Un consejo práctico: fíjate en cómo se presenta la planta en herbolarios. Si compras una bolsa de manzanilla, suele ser solo las flores. Si compras raíz de malvavisco, será la raíz seca. La forma de preparación (infusión, decocción, tintura) te indica qué parte usar.

Preguntas frecuentes

¿Puedo usar toda la planta de una vez?

En algunas especies, como la ortiga o el diente de león, se puede usar la planta entera (excepto la raíz en el diente de león, que se usa aparte). Pero no es la norma. Usar la parte incorrecta puede dar menos efecto o incluso causar molestias. Por ejemplo, las semillas de algunas plantas son tóxicas mientras que las hojas no. Por eso, siempre es mejor seguir indicaciones específicas.

¿Qué parte es más potente: la raíz o la flor?

No hay una regla general. La potencia depende de la concentración de principios activos y de la sensibilidad de cada persona. Las raíces tienden a tener una acción más intensa y duradera porque acumulan reservas, pero las flores pueden ser muy efectivas para problemas leves o para calmar. Por ejemplo, la raíz de valeriana es más sedante que la flor de pasiflora, pero la pasiflora es más suave.

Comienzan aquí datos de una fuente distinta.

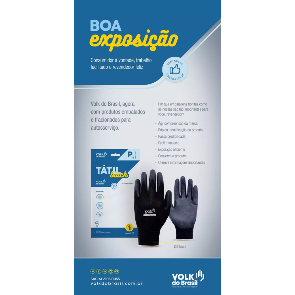 CA 30916 / CA 50659 Kit 15 Luva Tatil Volk Multitato Luva PU Banho Poliuretano Mecânico Antiestática Manutenção Obras Segurança e Precisão em Todas as Tarefas! Apresentamos o Kit 15 Luva Tatil Volk Multitato Luva PU Banho Poliuretano Mecânico Antiestática Manutenção Obras, a escolha perfeita para profissionais que buscam qualidade, proteção e conforto em suas atividades diárias. Essas luvas são ideais para uma ampla gama de aplicações, desde manutenção e construção até trabalhos mecânicos e elétricos. CARACTERÍSTICAS PRINCIPAIS: Material de Alta Qualidade: Confeccionadas em poliuretano (PU), proporcionando resistência e durabilidade excepcionais; Design Multitato: Sensibilidade tátil aprimorada para trabalhos que exigem precisão, como manuseio de ferramentas e pequenos componentes; Banho de Poliuretano: Revestimento completo em PU que oferece proteção contra abrasões, cortes e perfurações, garantindo segurança máxima; Antiestática: Propriedades antiestáticas que protegem contra descargas eletrostáticas, essenciais para trabalhos com componentes eletrônicos; Conforto Ergonômico: Design anatômico que se ajusta perfeitamente às mãos, garantindo conforto durante o uso prolongado. BENEFÍCIOS: Proteção Superior: Revestimento em PU resistente a abrasões, cortes e perfurações, oferecendo segurança completa para suas mãos; Alta Sensibilidade: Design multitato que mantém a sensibilidade tátil, permitindo manuseio preciso e eficiente de ferramentas e componentes; Segurança Antiestática: Propriedades antiestáticas que previnem descargas eletrostáticas, essenciais para trabalhos em ambientes sensíveis a eletricidade; Durabilidade: Materiais de alta qualidade que garantem longa vida útil, mesmo em condições de trabalho exigentes; Versatilidade: Ideal para uma ampla gama de aplicações, incluindo manutenção, obras, mecânica, construção civil e eletricidade. APLICAÇÕES IDEAIS: Manutenção Geral: Perfeitas para técnicos e profissionais de manutenção que necessitam de proteção e sensibilidade; Construção Civil: Ideais para operários e engenheiros que trabalham em ambientes de construção, oferecendo segurança e conforto; Trabalhos Mecânicos: Essenciais para mecânicos e técnicos que lidam com peças e ferramentas pequenas, onde a precisão é fundamental; Eletricidade e Eletrônica: Propriedades antiestáticas que garantem segurança ao trabalhar com componentes eletrônicos e elétricos; Uso em Obras: Garantem proteção e eficiência em diversas atividades dentro de obras e construções. Com o Kit 15 Luva Tatil Volk Multitato Luva PU Banho Poliuretano Mecânico Antiestática Manutenção Obras, você tem a garantia de segurança, durabilidade e conforto em todas as suas tarefas. Não comprometa a qualidade do seu trabalho. Adquira agora mesmo na Shopee e equipe-se com o melhor! Garanta já o seu Kit e eleve a qualidade do seu trabalho com segurança e precisão! CA 30916/ CA 50659 RESISTÊNCIA MECÂNICA – EN388 – Desempenho 3121A; Tamanhos: 7(P) 8(M) 9(G) 10(EG); Uso: Reutilizável; Formato: Anatômico; Estrutura: Suporte Têxtil; Modelo da Estrutura: Tricotado; Material Suporte: Poliamida; Punho: Tricotado; Grip: Liso. Luva de segurança confeccionada em fibras sintéticas, revestimento da face palmar e ponta dos dedos em poliuretano (PU), punho com inserções de fibras elásticas e acabamento em fibras sintéticas. Indicada para trabalhos de precisão que exijam alta destreza e sensibilidade tátil em montagem e manutenção, inspeção de qualidade, montagem de embalagens, logística, montagem de sistemas não energizados, circuitos e painéis, manuseio de peças pequenas e outras.

¿La infusión y la decocción son lo mismo?

No. La infusión se hace vertiendo agua caliente sobre la planta y dejando reposar (para hojas y flores). La decocción se hierve la planta en agua (para raíces, cortezas y semillas). Usar la técnica adecuada es clave para extraer los principios activos.

¿Puedo cultivar mis propias plantas y usar sus hojas o flores?

Claro, es una buena forma de tener remedios a mano. Pero asegúrate de identificar bien la especie y de recolectar en el momento adecuado. Por ejemplo, las hojas de menta se pueden usar frescas durante todo el año, pero las flores de manzanilla solo en primavera. Y siempre evita plantas tratadas con pesticidas.